Sapho症候群の診断でリウマチ専門医が探すべきもの
図3:患者3の胸鎖骨領域におけるびらん性病変;コンピュータ断層撮影。 手術時に得られた標本の培養は陰性であった。
患者1
17歳の男性は、胸椎および右内側鎖骨および手のひらおよび靴底の皮膚病変に痛みを呈し、以前は膿疱性乾癬と診断された。 感染を懸念していた別の医師によって行われた胸骨の生検では、肉芽腫形成を伴わない慢性骨髄炎を示した。 すべての微生物培養研究は陰性であった。 胸椎の磁気共鳴イメージング(MRI)は、T7椎骨で増加した取り込みを示した(図1を参照)。 この骨の生検では,形質細胞が存在し,まれなリンパ球を伴う骨髄線維症を示した。 微生物培養物は無菌であった。 経口およびその後の非経口ビスホスホネートおよびエタネルセプトによる治療はすべて無効であった。 その後、彼は数ヶ月間インフリキシマブで治療され、以前にT7で見られたMRI異常のかなりの症候性の軽減と解消が行われた(図2参照)。

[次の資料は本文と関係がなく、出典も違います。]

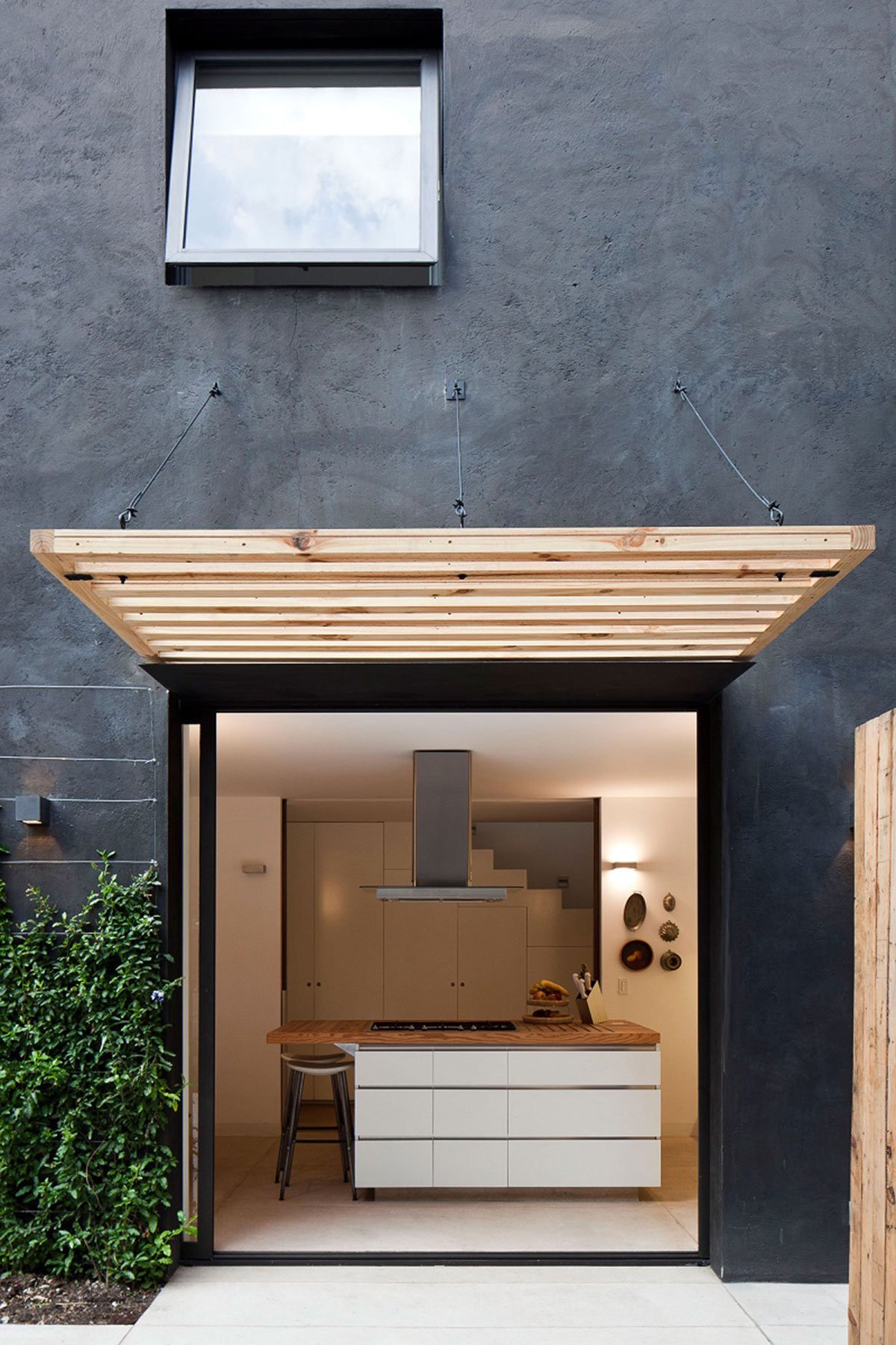 We divided the plot in two part with equal dimensions. In one half we constructed a longitudinal block of 5 x 20 meters that corresponds to the house. While the other half was conceived as negative space contained within the structure. The negative space functions as an open space or public area remaining unoccupied. The built block dialogues with its counterpart through an open façade all along one of its sides. In this way, the only enclosed elements of the house are the kitchen and the bathrooms. The counterpart of the façade is a solid wall with the height of the built area, which limits visibility of the neighbours and gives privacy to the house.

時間の経過とともに、インフリキシマブの用量が漸進的に増加したにもかかわらず、彼は重大な痛みを訴え続けた。 彼はその後、いくつかの改善と毎月ゴリムマブ50mgで治療されました。 皮膚病変に対して光線療法を処方した。 皮膚病変は改善したが,八ヶ月後に背中の痛みは悪化した。 患者は隔週アダリムマブ40mgに切り替えた。 彼は痛みの軽減のために麻薬性鎮痛薬を必要とし続けています。
患者2
59歳の女性が胸椎と肩に重度の痛みを発症しました。 胸椎のx線写真は、T7レベルで疑わしい病変を示した。 病変の生検では非特異的所見を示し,微生物培養は陰性であった。 手のひら上の発疹の生検は好中球性膿ほう症と一致していた。 治療はシプロフロキサシンとトリメトプリム/スルファメトキサゾールで開始した。 しかし、患者はパミドロネート静脈内のいくつかの用量での治療が一時的に有用であったために前胸痛を無効にすることを開発しました。